● **About this exercise**: Beginning with the line below that contains "2021 KBO리그 LG" and ending with the line that contains "You can create", retype every line exactly. Pictures are not copied.
BEGIN Material for this task
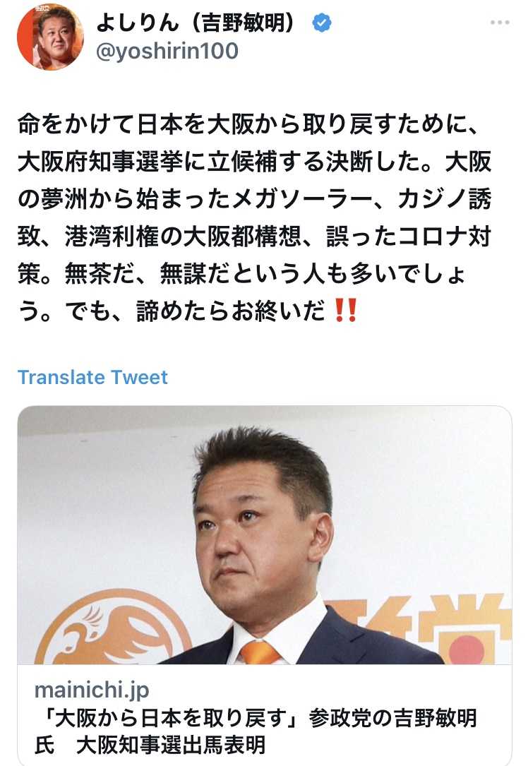 昨日参政党アドバイザー、医師の吉野俊明さんが参政党から大阪府知事選挙に立候補をされました。
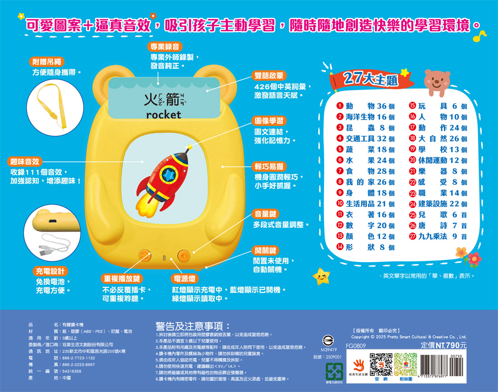 雙語啟蒙X多元學習X隨插隨讀 ★ 27個主題+426個單字+6首兒歌+7首唐詩+九九乘法 ★ ★內容物: 寶貝熊讀卡機+224張雙面圖卡+吊繩+充電線。 亮點1:多元主題認知 收錄27大生活常見、常用主題,如:動物、海洋生物、昆蟲、交通工具、蔬菜、水果、食物、我的家、身體、生活用品、衣著、數字、顏色、形狀、玩具、人物、動作、大自然、學校、休閒運動、樂器、感受、職業、建築設施、兒歌、唐詩、九九乘法等,符合兒童學習認知需求。 亮點2:雙語啟蒙、臺灣專業發音 224張雙面字卡,內含426個中英文單字(含注音),可愛插圖搭配音效,圖文連結幫助記憶,還有6首雙語兒歌、7首經典唐詩、數學九九乘法,邊唸邊唱、增添學習趣味。 亮點3:機身輕巧好攜,附吊繩 機身圓潤輕巧,長寬約11.5×9cm,重量約80g,即使幼兒小手也好抓握,附贈吊繩方便外出攜帶,隨時隨地都能學習。 亮點4:按鍵功能簡單,好操作 (1) 重複播放鍵-放入字卡後,只需再按一下,即可重複播放聆聽、訓練聽力。 (2) 音量調整鍵-多段式音量設計,按下音量鍵,即可依所在環境調整音量大小聲。 亮點5:免電池、充電設計 不須裝電池,附有充電線,機器耗電量低,環保又節能。 ◎提醒:建議輸出<5V/1A>,請勿使用快充、避免機器耗損!第一次使用時,可先進行充電。 亮點6:節電模式,自動關機 當機器閒置未使用時,會發出提示音吸引兒童操作,若仍未使用,則會自動關機,節約電源,若需繼續操作,關上開關後,再次打開即可使用。 本書特色 ★中英雙語啟蒙,激發語言能力。 ★可愛插圖搭配音效,加深學習印象。 ★臺灣專業錄音,中外師發音純正。 ★機身輕巧,附吊繩,方便外出攜帶。 ★多段式音量,可依使用環境調整。 ★免換電池,附充電線,充電方便。 ★節電設計,閒置未使用會自動關機。 ✽適用年齡:3歲以上
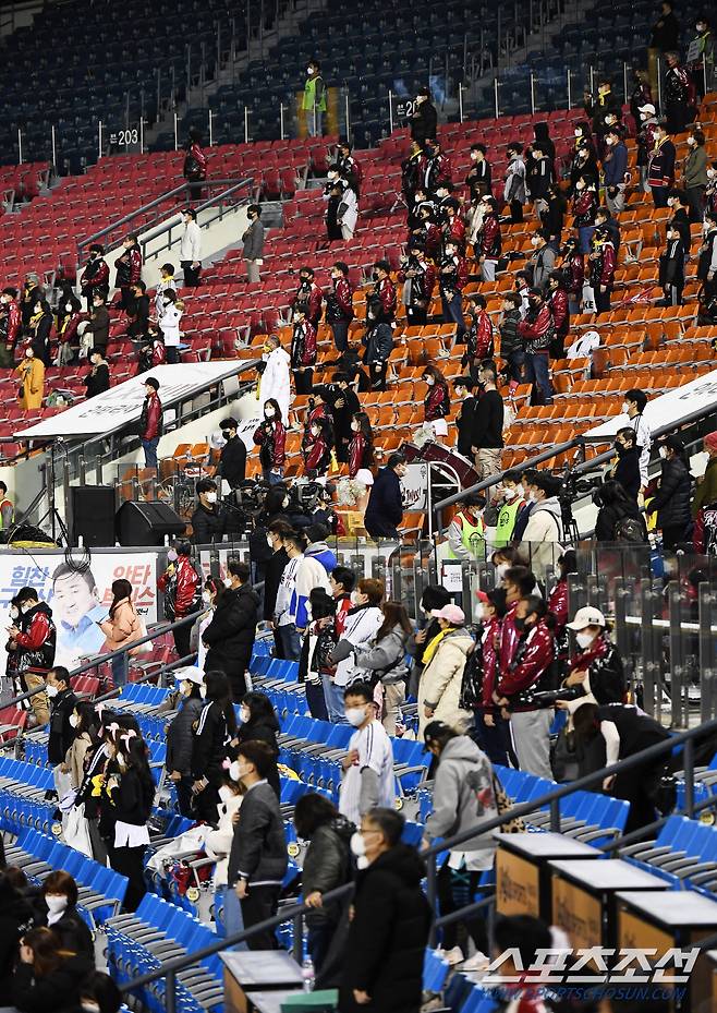 2021 KBO리그 LG 트윈스와 키움 히어로즈의 경기가 19일 잠실구장에서 열렸다. 경기장을 찾은 관중들이 국민의례를 하고 있다. 잠실=박재만 기자 pjm@sportschosun.com/2021.10.19/
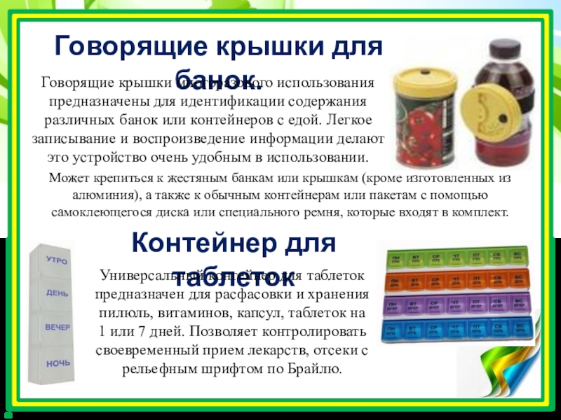 Универсальный контейнер для таблеток предназначен для расфасовки и хранения пилюль, витаминов, капсул, таблеток на 1 или 7 дней. Позволяет контролировать своевременный прием лекарств, отсеки с рельефным шрифтом по Брайлю.
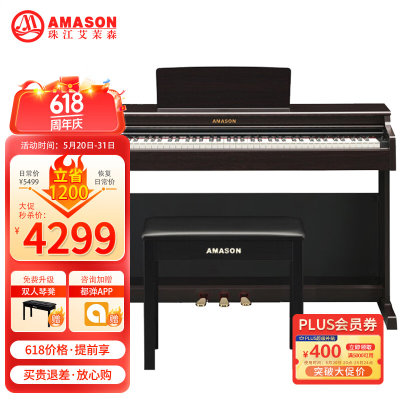 艾茉森(Amason)珠江钢琴 考级电钢琴88键重锤数码电子钢琴专业成人儿童DP-F棕色价格:5149.00元!
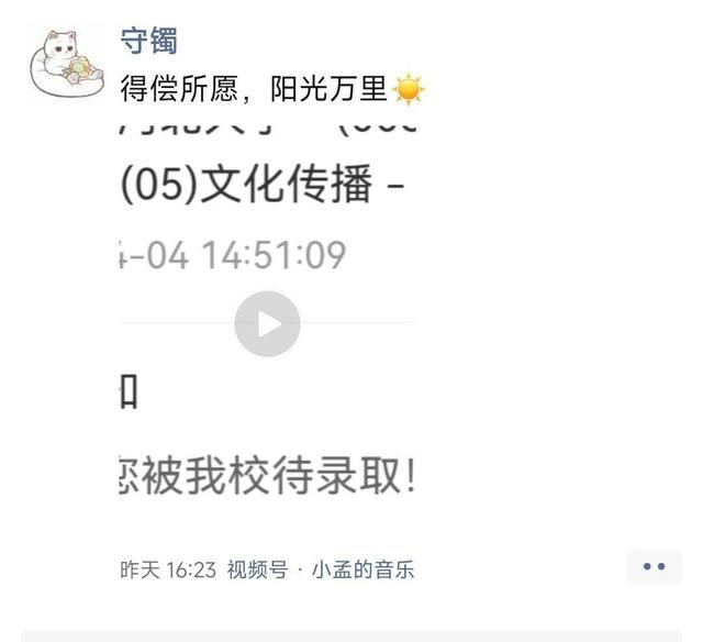 孟鑫沂的考研“上岸”朋友圈文案
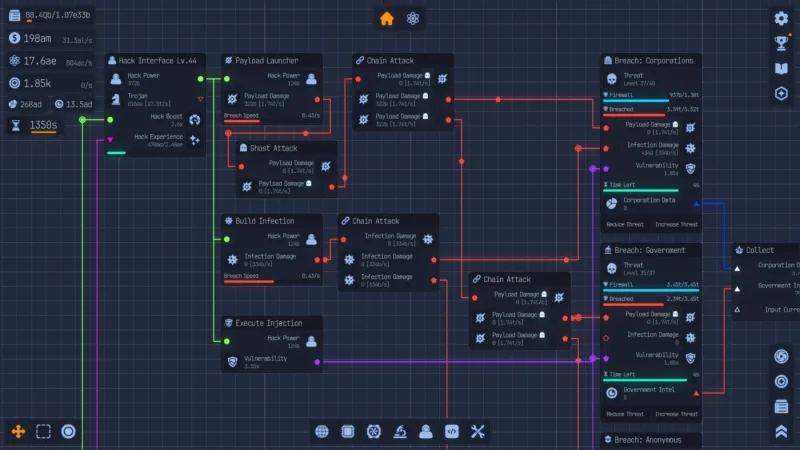 В рамках проекта доступно несколько ключевых направлений. Игрок может сканировать файлы, открывая доступ к новым технологиям через дерево исследований. Также предусмотрен хакинг — взлом организаций для добычи ценной информации и ресурсов. Отдельная ветка посвящена написанию кода, позволяющего создавать пользовательские приложения и оптимизации. Самый масштабный раздел — развитие искусственного интеллекта: его необходимо кормить скачанными файлами, чтобы он обучался, повышал свою эффективность и в конечном итоге помог избежать тепловой смерти вселенной. Весь игровой процесс завязан на грамотном распределении ресурсов, управлении производительностью и постоянном росте.
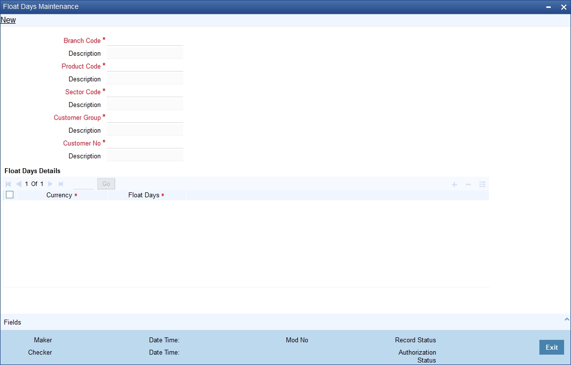 You can create user defined fields using the ‘User Defined Fields’ screen. To invoke this screen, click ‘Fields’ tab in the ‘KYC Maintenance’ screen.
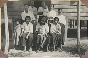 The Kwijau or Kuijau are an indigenous ethnic group residing in Sabah, eastern Malaysia on the island of Borneo. The kwijau claim descend from the Nunuk Ragang settlers. They reside in the Interior Division within a 12-mile radius to the west and north of Keningau town.[3] Their population was estimated at 7,910 in the year 2000. They are considered a sub-group of the Kadazan-Dusun,[4] as their language is on the Dusunic branch of the Austronesian language family (ISO 639-3 dkr). About 20% of the population embrace the Christian faith in denominations of evangelical Christianity and Roman Catholicism, the remainder are animist practicing the ancient belief system called Momolianism. They are known for performing the Magunatip, an east Malaysian dance very strongly influenced by the Philippine tinikling. Performed by the young men and women, the dance involves jumping steps that manoeuvre the dancer's feet in and out, so as not to get their feet trapped by 2 moving bamboo poles that are held by another pair of dancers, who beat the poles together and over a shorter length of wood or bamboo, creating an interesting rhythm.
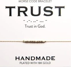 A beautiful and thoughtful gift for a loved one or yourself. This minimalist Christian bracelet carries a secret message that only the wearer will know using Morse code. Take comfort in the words of affirmation on the backing card: “Trust in God”. Packaged inside a premium gift box.Â
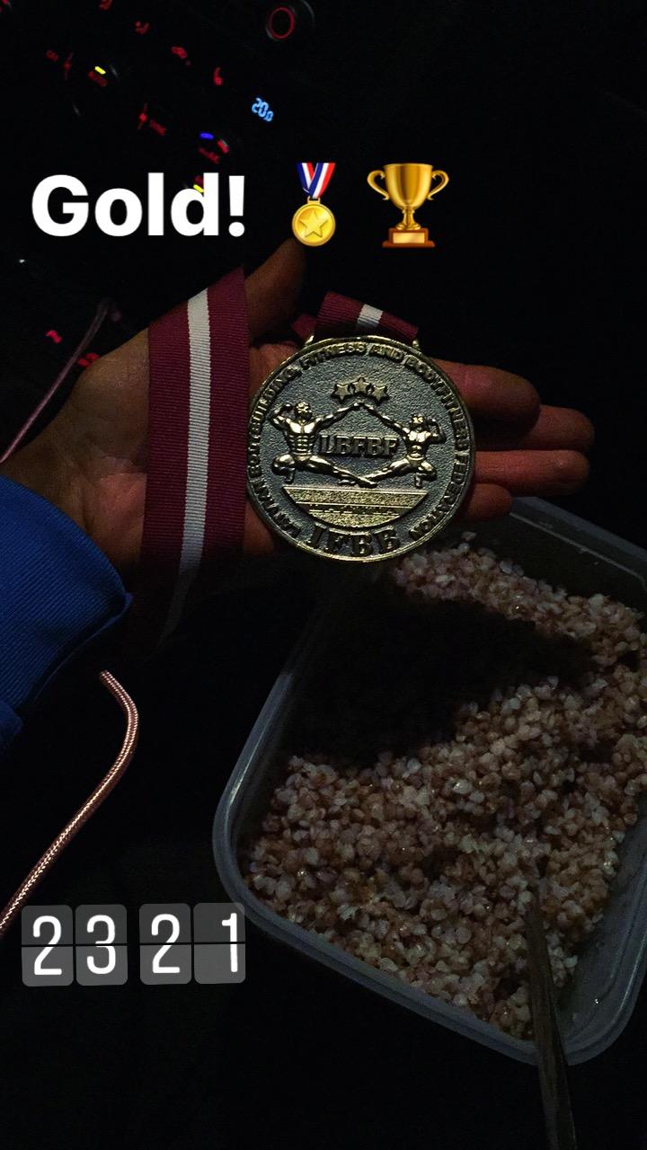 ” width=”20″ />Võistluspäevaks oli mul planeeritud jooksvalt söömiseks 10 riisigaletti (iga üks 40cal) ja 100g (kuivainena) keedetud basmatiriisi+ pudeliga mett. Kõik kõrge süsivesikusisaldusega ja vähemahukad toidud. Rasval ja valgul ei ole võistluspäeval tavapärast osakaalu (vähemalt mitte enne lava). Katsusin iga tunni tagant natukene ampsata- et oleks energiat ja kõht ei koriseks. Vahele natuke ka vett ja musta kohvi.
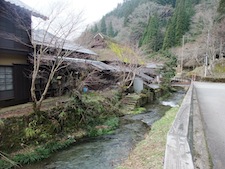 ずいぶんと山の中に分け入ったところに、10何件かのお家が寄り添って立っているんですが、清流沿いに建っていて、すべてのお家には、清流に降りてお水を使う為の階段があるんです。
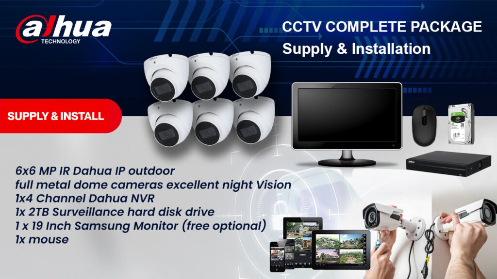 • Supply and installation of 6 x Dahua 6MP IR Fixed focal Eyeball WizSense Starlight Ai Network Camera 2.8mm Lens
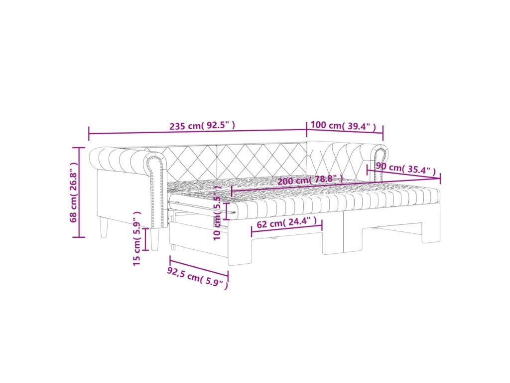- Rozměry (nevysunuté): 235 x 100 x 68 cm (D x Š x V)
END Material for this task
● **Solution**:
 2021 KBO리그 LG 트윈스와 키움 히어로즈의 경기가 19일 잠실구장에서 열렸다. 경기장을 찾은 관중들이 국민의례를 하고 있다. 잠실=박재만 기자 pjm@sportschosun.com/2021.10.19/
 Универсальный контейнер для таблеток предназначен для расфасовки и хранения пилюль, витаминов, капсул, таблеток на 1 или 7 дней. Позволяет контролировать своевременный прием лекарств, отсеки с рельефным шрифтом по Брайлю.
 艾茉森(Amason)珠江钢琴 考级电钢琴88键重锤数码电子钢琴专业成人儿童DP-F棕色价格:5149.00元!
 孟鑫沂的考研“上岸”朋友圈文案
 В рамках проекта доступно несколько ключевых направлений. Игрок может сканировать файлы, открывая доступ к новым технологиям через дерево исследований. Также предусмотрен хакинг — взлом организаций для добычи ценной информации и ресурсов. Отдельная ветка посвящена написанию кода, позволяющего создавать пользовательские приложения и оптимизации. Самый масштабный раздел — развитие искусственного интеллекта: его необходимо кормить скачанными файлами, чтобы он обучался, повышал свою эффективность и в конечном итоге помог избежать тепловой смерти вселенной. Весь игровой процесс завязан на грамотном распределении ресурсов, управлении производительностью и постоянном росте.
 You can create user defined fields using the ‘User Defined Fields’ screen. To invoke this screen, click ‘Fields’ tab in the ‘KYC Maintenance’ screen.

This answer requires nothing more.